Question

The rate of a first order reaction is 0.04 $molL^{ -1 }s^{ -1 }$ at 10 seconds and 0.03 $molL^{ -1 }s^{ -1 }$ at 20 seconds after initiation of the reaction. The half-life period of the reaction is:
A. 24.1 s
B. 34.1 s
C. 44.1 s
D. 54.1 s

Answer 1

Hint: In the question, it is given that the reaction follows first-order kinetics, so, you need to first find the rate constant k for the reaction and then use this value to find the half-life period of the reaction.

Complete step by step answer:

We know that for a first-order reaction -
$K\quad =\quad \dfrac { 2.303 }{ { t }_{ 2 }-{ t }_{ 1 } } .log\dfrac { { [A] }_{ 1 } }{ { [A] }_{ 2 } } $
Here,
${ t }_{ 2 }$ = final time; ${ [A] }_{ 2 }$ = final concentration
${ t }_{ 1 }$ = initial time; ${ [A] }_{ 1 }$ = initial concentration
So, we can now just insert values of given quantities to calculate rate constant -
$K\quad =\quad \dfrac { 2.303 }{ 20-10 } .log\dfrac { (0.04) }{ (0.03) } $
K = 0.2303 x 0.125
K = 0.02877 $s^{ -1 }$
Now we have the value of rate constant (K).
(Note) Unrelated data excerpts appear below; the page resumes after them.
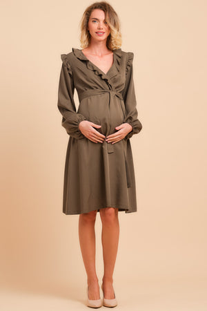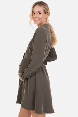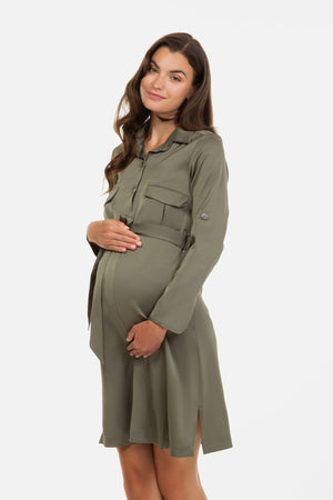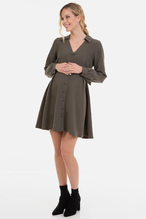 Рокля за бременни и кърмещи с яка - каки
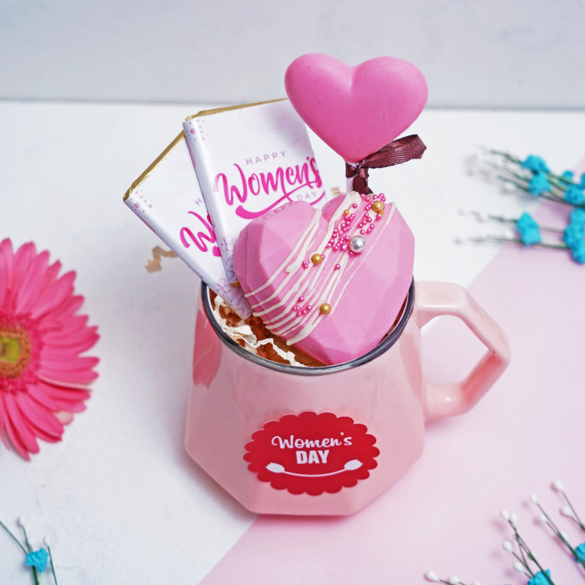 2 chocolate bars, 1 heart shape chocolate pinata, 1 heart shape lollipop
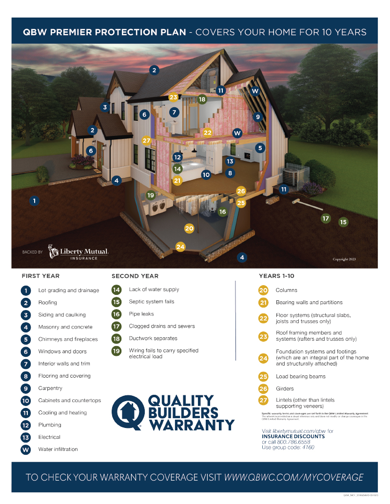 Quality Builders Warranty is the nation's premiere provider of 10-year home warranty services. Through QBW, you're able to enjoy the security of a 10-year home warranty backed by Liberty Mutual. After your build is complete, you'll work directly with QBW to address all of your warranty needs. QBW only chooses to work with builders of integrity, and we at Jim Bland Construction are proud to be among their partners!
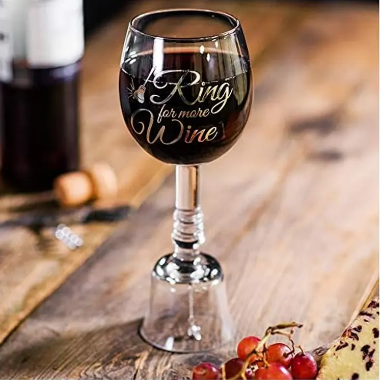 Vinska Čaša sa Zvonom koja jasno kaže Ring for more Wine, bre ili ti na srpskom, Zvoni za Još Vina, bre! Da li vam se ikada dogodilo da vam čaša ostane prazna, a vi ste previše opušteni da je napunite? Vreme je da to rešite sa stilom! Predstavljamo vam vinsku čašu sa zvoncetom i natpisom "Ring for More Wine". Ova čaša nije samo pribor za vaše omiljeno piće, ona je moćan alat za osiguranje konstantnog dotoka tečnosti.
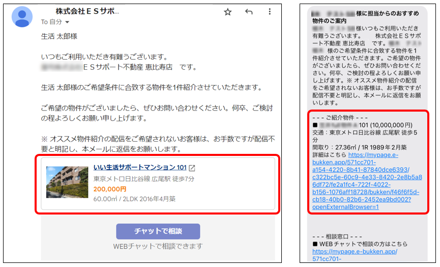 テキスト形式の場合、以下画像右のように物件情報はテキストのみで表示されますが
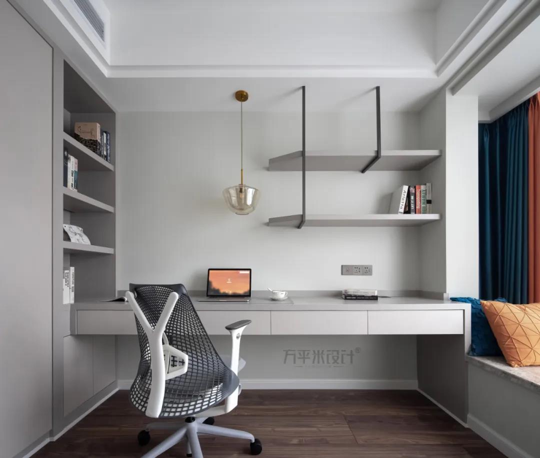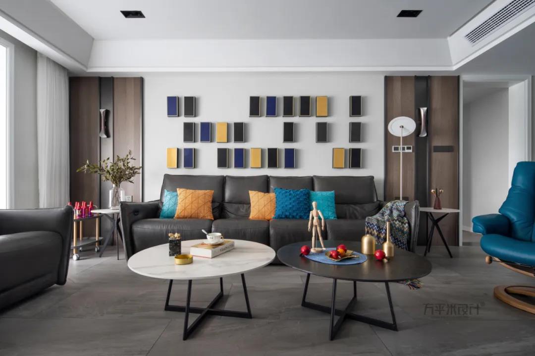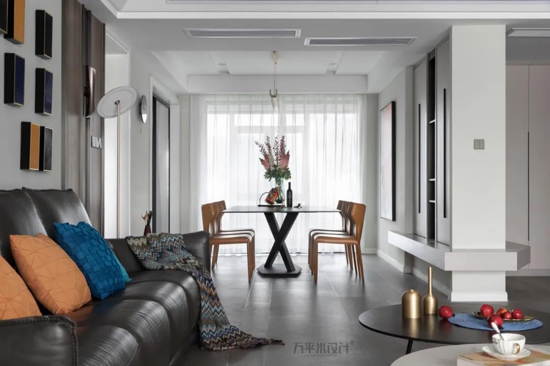 灰阶调铺陈空间基底,以撞色技巧活跃空间层次。
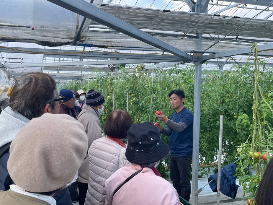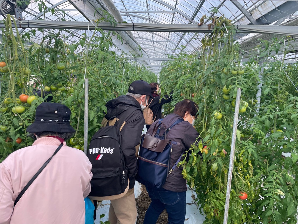 生産者の熱心な説明を受けながら、トマトの収穫体験をしました。参加者の皆様は、普段スーパーで見かけるトマトとは違う、採れたてのトマトの新鮮さに驚かれていました。
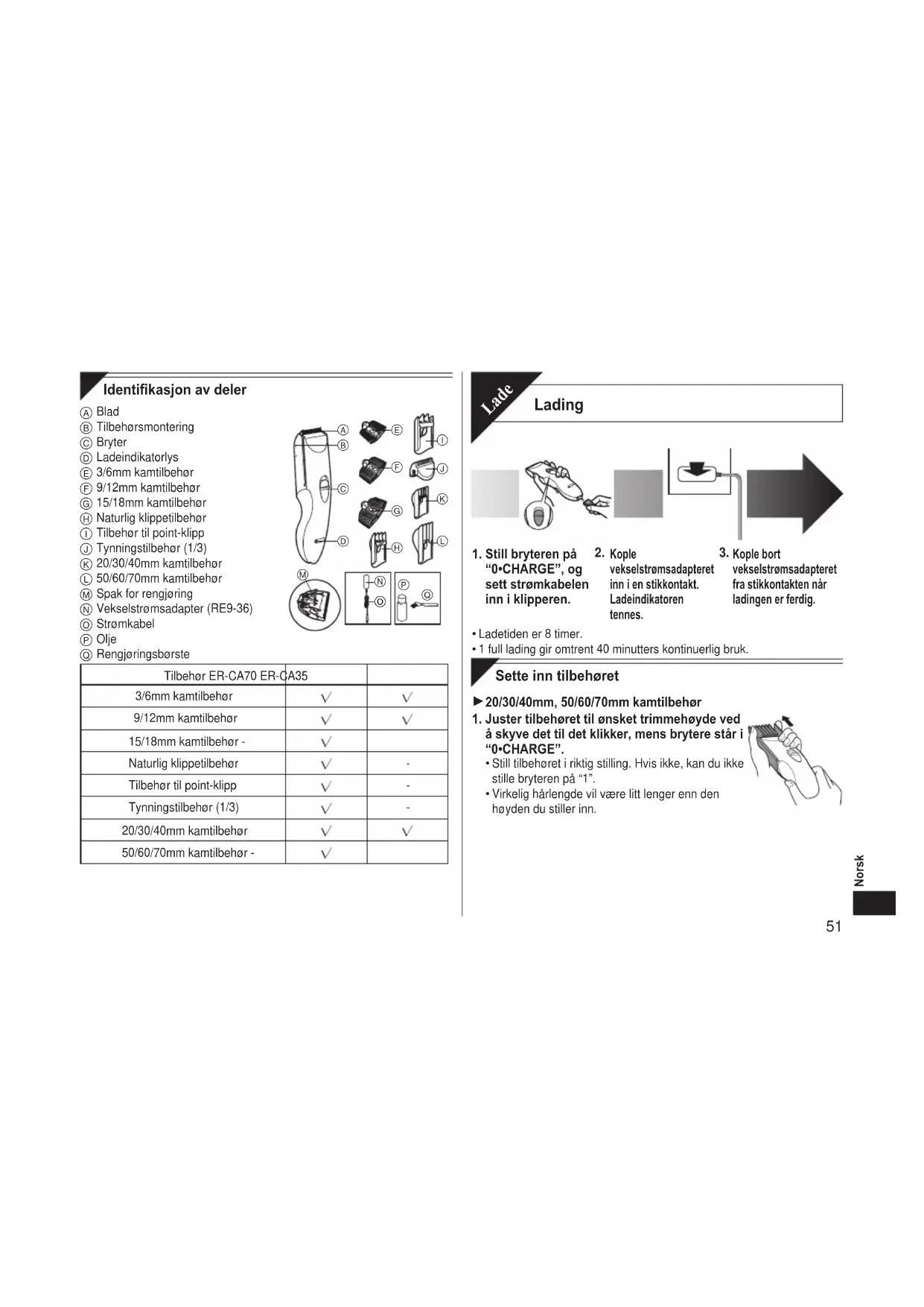 Ikke bruk noen annen strømkabel eller vekselstrømsadapter enn det som er spesielt laget for denne modellen. (RE9‑36) Bruks- og lagringsvarsel Ikke demonter eller modiser klipperen. Ikke prøv å reparere den. Reparasjoner må alltid henvendes til forhandleren. Dette apparatet er ikke beregnet for bruk av personer (inklusive barn) med reduserte fysiske, følelsesmessige eller mentale anlegg, eller med manglende erfaring og kunnskap, dersom de ikke får tilsyn eller veiledning angående bruk av apparatet av en person som er ansvarlig for deres sikkerhet. Barn bør ha tilsyn for å sikre at de ikke leker med apparatet. Denne klipperen er kun til innendørs bruk. Ikke lagre klipperen på et sted som er utsatt for direkte sollys eller nær varmeapparat eller annen varmekilde. Spesikasjoner Strømkilde: Se navneplaten på produktet. (Automatisk spenningsomformer) Motorspenning: 1,2 V DC Ladetid: 8 timer Luftbåren akustisk støy: 55 (dB (A) re 1 pW)
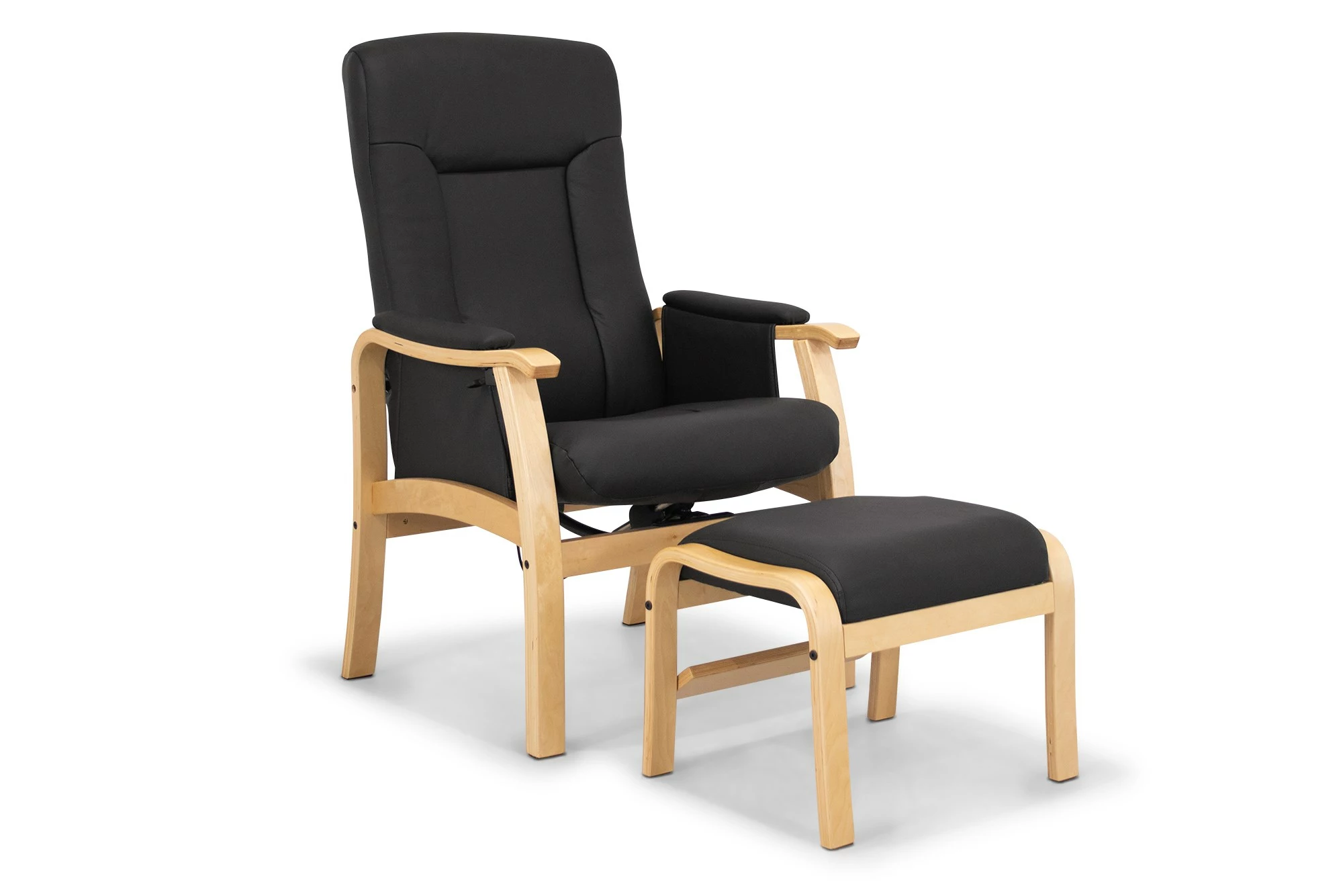 Otiumstol, lænestol eller hvilestol – kært barn har mange navne. Vores bud på en super lækker otiumstol er denne fra Dragør-serien. Lænestolen er inkl. fodskammel og med trinløs regulering af ryggen. Stolen er monteret med sort bøffellæder på alle slidfla
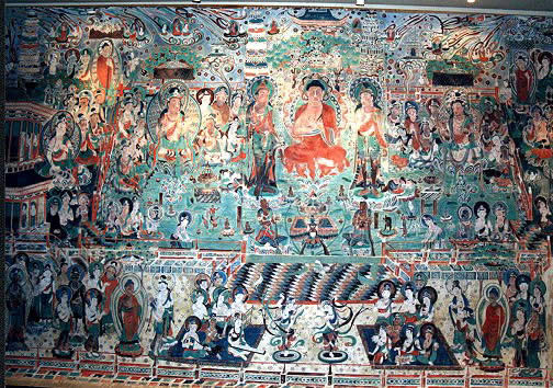 中國敦煌壁畫(唐代 復原圖)的 "阿彌陀經變"是初唐時期規模最大,保
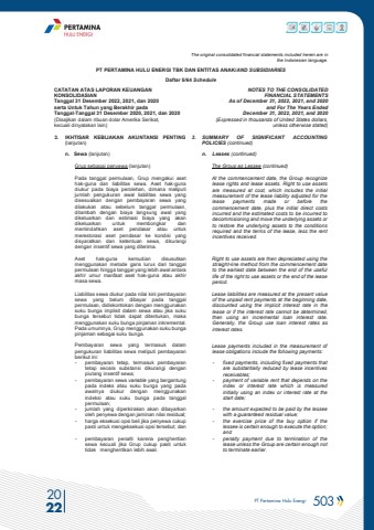 PT Pertamina Hulu Energi 503 2022The original consolidated financial statements included herein are in the Indonesian language.PT PERTAMINA HULU ENERGI TBK DAN ENTITAS ANAK/AND SUBSIDIARIES Daftar 5/64 ScheduleCATATAN ATAS LAPORAN KEUANGANKONSOLIDASIANTanggal 31 Desember 2022, 2021, dan 2020serta Untuk Tahun yang Berakhir pada Tanggal-Tanggal 31 Desember 2020, 2021, dan 2020(Disajikan dalam ribuan dolar Amerika Serikat, kecuali dinyatakan lain)NOTES TO THE CONSOLIDATEDFINANCIAL STATEMENTSAs of December 31, 2022, 2021, and 2020and For The Years Ended December 31, 2022, 2021, and 2020(Expressed in thousands of United States dollars,unless otherwise stated)3. IKHTISAR KEBIJAKAN AKUNTANSI PENTING(lanjutan)3. SUMMARY OF SIGNIFICANT ACCOUNTINGPOLICIES (continued)n. Sewa (lanjutan) n. Leases (continued)Grup sebagai penyewa (lanjutan) The Group as Lessee (continued)Pada tanggal permulaan, Grup mengakui asethak-guna dan liabilitas sewa. Aset hak-gunadiukur pada biaya perolehan, dimana meliputijumlah pengukuran awal liabilitas sewa yangdisesuaikan dengan pembayaran sewa yangdilakukan atau sebelum tanggal permulaan,ditambah dengan biaya langsung awal yangdikeluarkan dan estimasi biaya yang akandikeluarkan untuk membongkar danmemindahkan aset pendasar atau untukmerestorasi aset pendasar ke kondisi yangdisyaratkan dan ketentuan sewa, dikurangidengan insentif sewa yang diterima.At the commencement date, the Group recognizelease rights and lease assets. Right to use assetsare measured at cost, which includes the initialmeasurement of the lease liability adjusted for thelease payments made or before thecommencement date, plus the initial direct costsincurred and the estimated costs to be incurred todecommisioning and move the underlying assets or to restore the underlying assets to the conditionsrequired and the terms of the lease, less the rentincentives received.Aset hak-guna kemudian disusutkanmenggunakan metode garis lurus dari tanggalpermulaan hingga tanggal yang lebih awal antaraakhir umur manfaat aset hak-guna atau akhirmasa sewa.Right to use assets are then depreciated using the straight-line method from the commencement date to the earliest date between the end of the useful life of the right to use assets or the end of the lease period.Liabilitas sewa diukur pada nilai kini pembayaransewa yang belum dibayar pada tanggalpermulaan, didiskontokan dengan menggunakansuku bunga implisit dalam sewa atau jika sukubunga tersebut tidak dapat ditentukan, makamenggunakan suku bunga pinjaman inkremental.Pada umumnya, Grup menggunakan suku bunga pinjaman sebagai suku bunga.Lease liabilities are measured at the present value of the unpaid rent payments at the beginning date, discounted using the implicit interest rate in the lease or if the interest rate cannot be determined, then using an incremental loan interest rate. Generally, the Group use loan interest rates as interest rates.Pembayaran sewa yang termasuk dalampengukuran liabilitas sewa meliputi pembayaranberikut ini:Lease payments included in the measurement of lease obligations include the following payments:- pembayaran tetap, termasuk pembayarantetap secara substansi dikurangi denganpiutang insentif sewa;- fixed payments, including fixed payments thatare substantially reduced by lease incentivesreceivables;- pembayaran sewa variable yang bergantungpada indeks atau suku bunga yang padaawalnya diukur dengan menggunakanindeksi atau suku bunga pada tanggalpermulaan;- payment of variable rent that depends on theindex or interest rate which is measuredinitially using an index or interest rate at thestart date;- jumlah yang diperkirakan akan dibayarkanoleh penyewa dengan jaminan nilai residual;- the amount expected to be paid by the lesseewith a guaranteed residual value;- harga eksekusi opsi beli jika penyewa cukuppasti untuk mengeksekusi opsi tersebut; dan- the exercise price of the buy option if thelessee is certain enough to execute the option; and- pembayaran penalti karena penghentiansewa kecuali jika Grup cukup pasti untuktidak menghentikan lebih awal.- penalty payment due to termination of thelease unless the Group are certain enough not to terminate earlier.
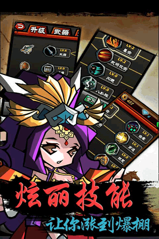 升级武器、强化技能、购买武将,本作的辅助系统十分完整,让玩家可以多样化地去体验游戏,只要愿意研究,人人都可拥有独特的应战技巧。本作还特有升星系统,分分钟将武器、武将升星为神器,还怕一招横扫八荒,敌人会不灭吗?再多千军万马也不怕!
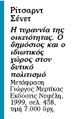 Η ένταξη του ογκώδους βιβλίου του Σένετ Η τυραννία της οικειότητας στην εξαίρετη σειρά Ο νεώτερος ευρωπαϊκός πολιτισμός, που δημιούργησε ο αείμνηστος Παναγιώτης Κονδύλης στις εκδόσεις Νεφέλη, προσφέρει και στον μέσο αναγνώστη και στον ειδικό μελετητή τη δυνατότητα να δει πώς αντιμετωπίζεται ο ευρωπαϊκός πολιτισμός των τριών τελευταίων αιώνων στην άλλη πλευρά του Ατλαντικού και ως έναν βαθμό να κατανοήσει γιατί ο βορειοαμερικανικός πολιτισμός θεωρείται και κατά βάση είναι προβολή και επέκταση της αγγλοσαξονικής Ευρώπης. Ισως, ζώντας κανείς σε κοινωνίες μεταφύτευσης, όπου τα υβριδικά φαινόμενα διαδέχονται αλλεπάλληλα το ένα το άλλο, να μπορεί κάποτε ευκολότερα να κατανοεί τη δυναμική και την εξέλιξη των αλλαγών.
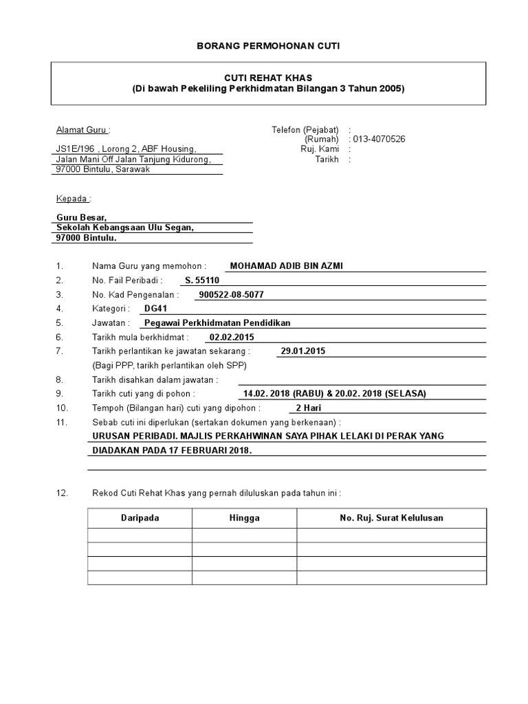 Pemohon telah diberitahu dan cuti telah direkod. Pengiraan cuti rehat atau cuti rehat khas yang boleh dikumpulkan di bawah peraturan 21 (g) catatan cuti terkumpul untuk gcr/gcrk. Baki cuti yang boleh dibawa ke. Borang permohonan cuti rehat copy author: Borang cuti sakit ums these pictures of this page are about:borang cuti sakit. ( diisikan dan ditandatangani ringkas sebelum borang diserahkan kepada pemohon ). (pegawai yang meluluskan cuti rehat). Cuti yang dikumpulkan bagi faedah gantian cuti. Pemohon telah microsoft word 1. 0%0% found this document useful, mark this document as useful. Click on document borang cuti rehat.pdf to start downloading. The file contains 1 page(s) and is free to view, download or print. Text of borang permohonan cuti rehat.
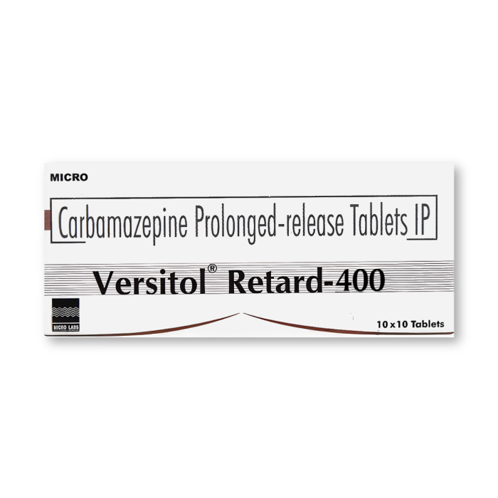 Versitol Retard 400 PR is a prolonged-release anticonvulsant medication used to manage Epilepsy and certain types of seizures (fits). It is also prescribed for certain nerve pain types, such as trigeminal neuralgia (severe nerve-related facial pain) and diabetic neuropathy.
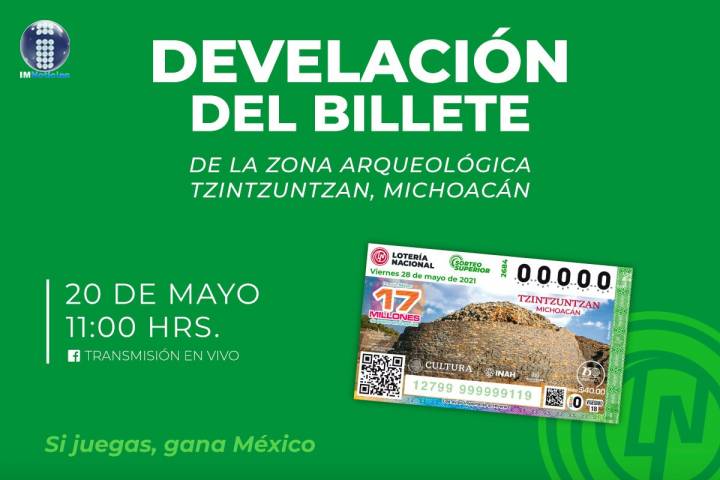 NOTICIAS 19/05/2021Develarán billete de la Lotería Nacional alusivo a Tzintzuntzan La grandeza de Michoacán se conoce a través de sus zonas arqueológicas y ciudades prehispánicas, entre las que destaca Tzintzuntzan, capital del Imperio Purépecha.

We will put this value in the expression of half life period,
$t_{ 1/2 }\quad =\quad \dfrac { 0.693 }{ K }$
$t_{ 1/2 }\quad =\quad \dfrac { 0.693 }{ 0.02877 } $
$t_{ 1/2 }$ = 24.1 s

Therefore, we can conclude that the correct answer to this question is option A.

Note: We must know that the rate constant, K, is a proportionality constant that indicates the relationship between the molar concentration of reactants and the rate of a chemical reaction.